HuffPost India also contacted Nikhil Kumar, former fellow and head of developer ecosystem, IndiaStack, at the iSPIRT Foundation. With close ties to Aadhaar and the ecosystem that has come up around it, Kumar has frequently voiced his support for the Aadhaar and UIDAI. However, at present, Kumar did not share his views on the technological points raised by the verdict, as he was still reading the judgement.
However, he did write: "Today's Aadhaar judgement is a seminal moment for all of us. Over the years, this debate divided a lot of us onto two sides. I hope the judgement brings all of us together now."
He added that the court has clearly called out the benefits of Aadhaar and its inclusive design, and that, "World over governments are amazed by the progress we've made as a country on digital infrastructure.This ruling will only rest all their concerns on the India model now."

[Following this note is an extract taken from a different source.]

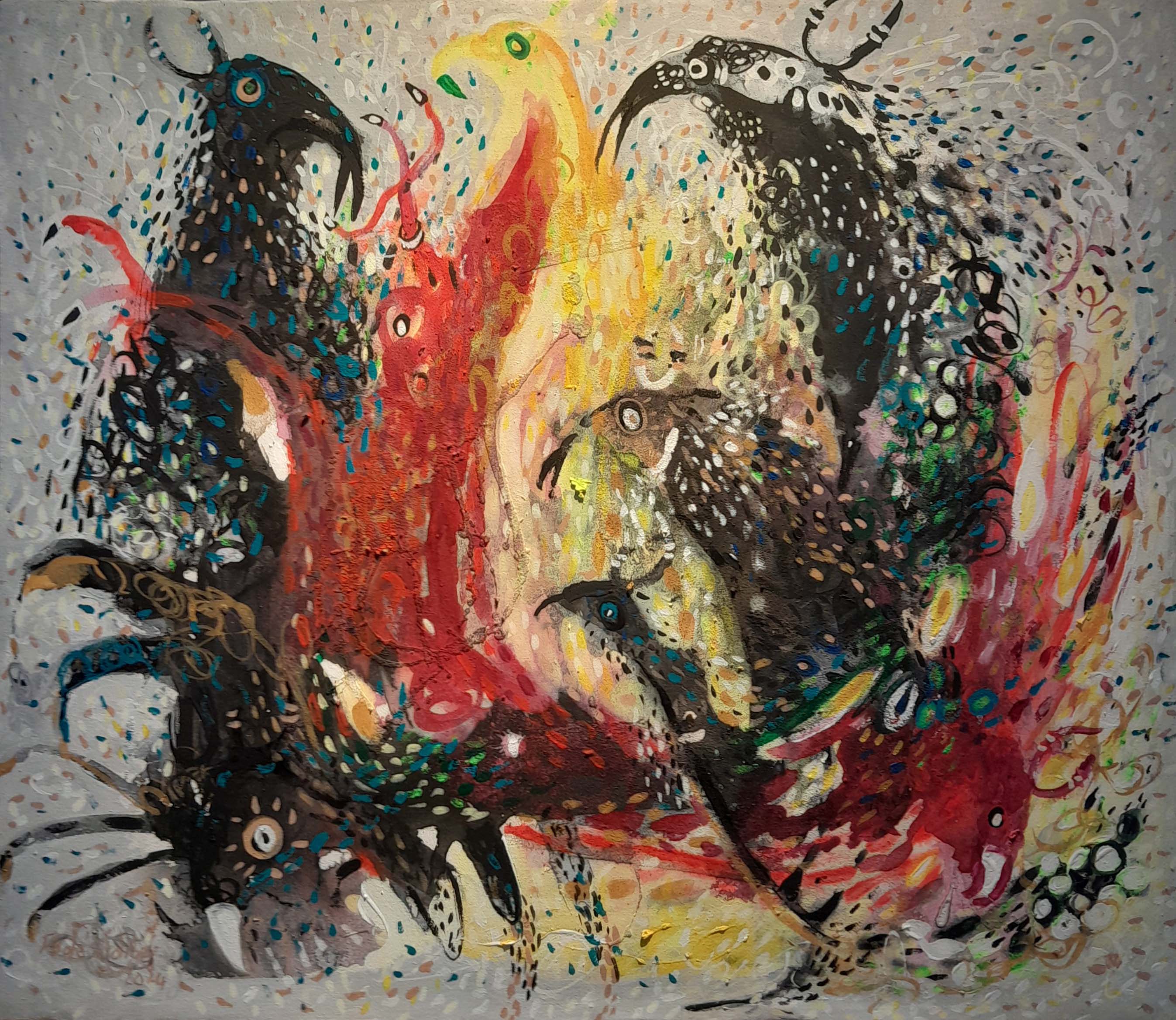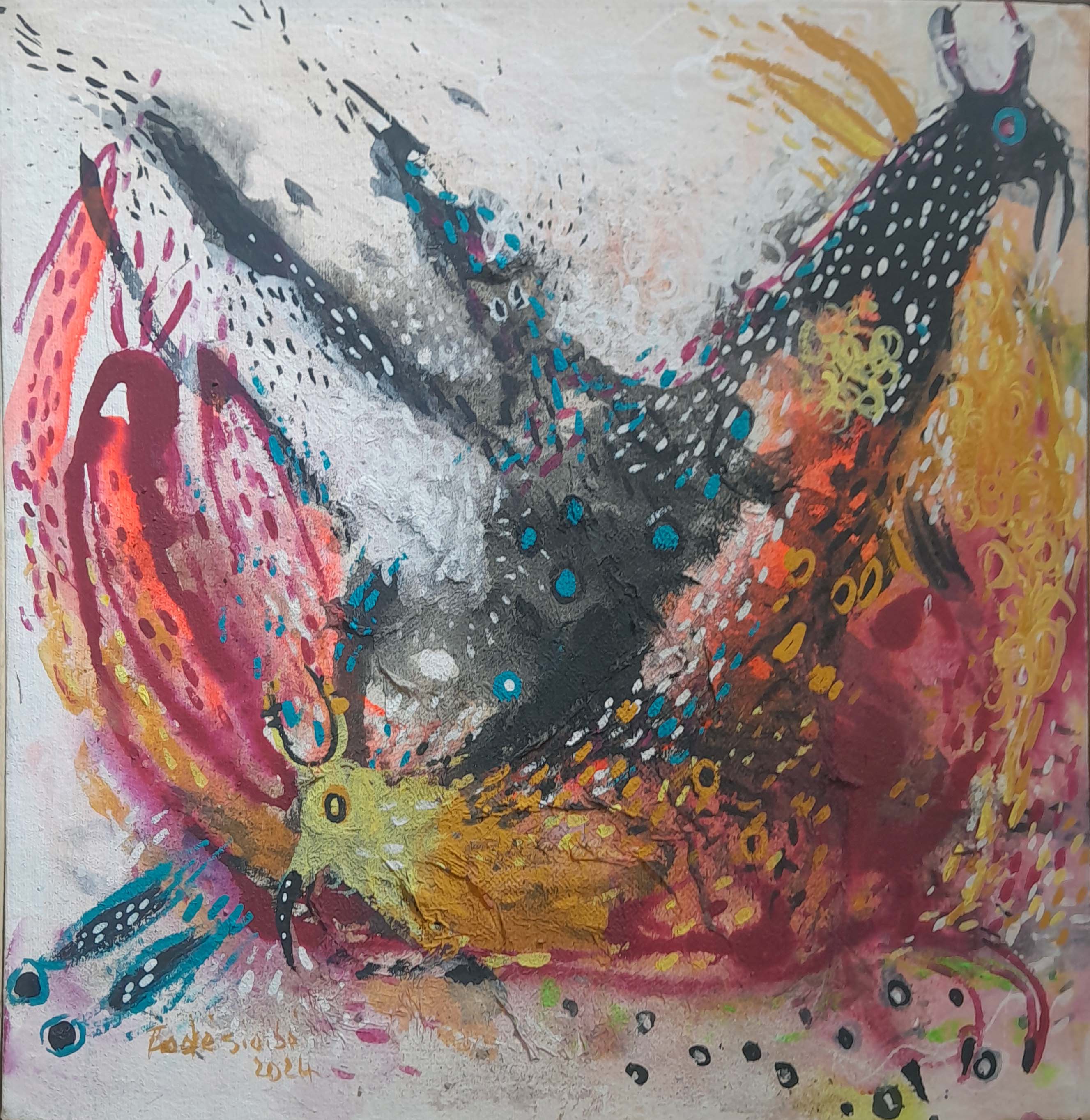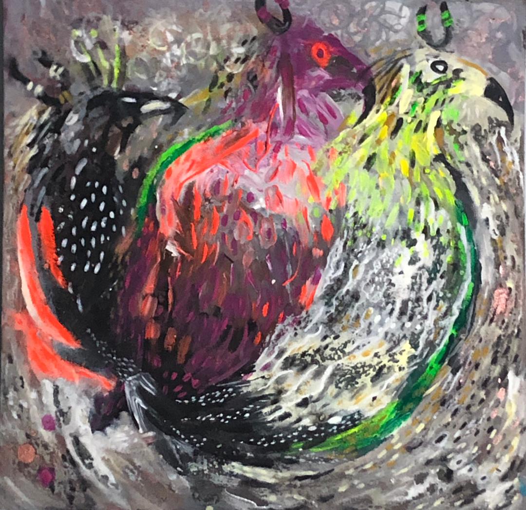 Fodé utilise l’acrylique dans ses toiles et une palette vive et colorée qui donnent vie à son univers artistique.
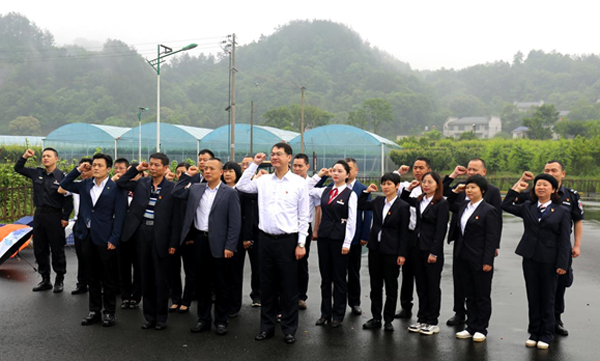 在溪口樟树村千年古樟“红军树”下,全体成员聆听了贺龙、萧克等领导红二、六军军团当年在树下召开动员大会,开辟红色革命根据地、成立苏维埃区政府、建立红色政权的故事。在红军树下,大家迎着细雨,举起右手,庄严宣誓,重温入党誓词。

On whether the judgement will impact IndiaStack's products such as eKYC, he added: "As of now, we see no impact in eKYC, eSign, and Digilocker. So nothing changes for IndiaStack and it only restricts access to those allowed by law."
He added that "the court also recognises the need for Aadhaar authentication services in both govt and private sector", although many others suggest that the private sector won't be able to use on the ID anymore.
"Honorable Supreme Court's judgment around the constitutional validity of Aadhaar Act shall be seen as a milestone in the ongoing journey and not an end by any means," said Rana Gupta, vice president, APAC sales, identity and data protection, at Gemalto. "Gemalto has been fortunate to be part of this journey in order to facilitate a safe journey to all concerned."
"The only obvious downside at this stage seems to be the constraints imposed on eKYC by any and every service provider outside the government," he added. "The convenience of eKYC shall be missed in the immediate term."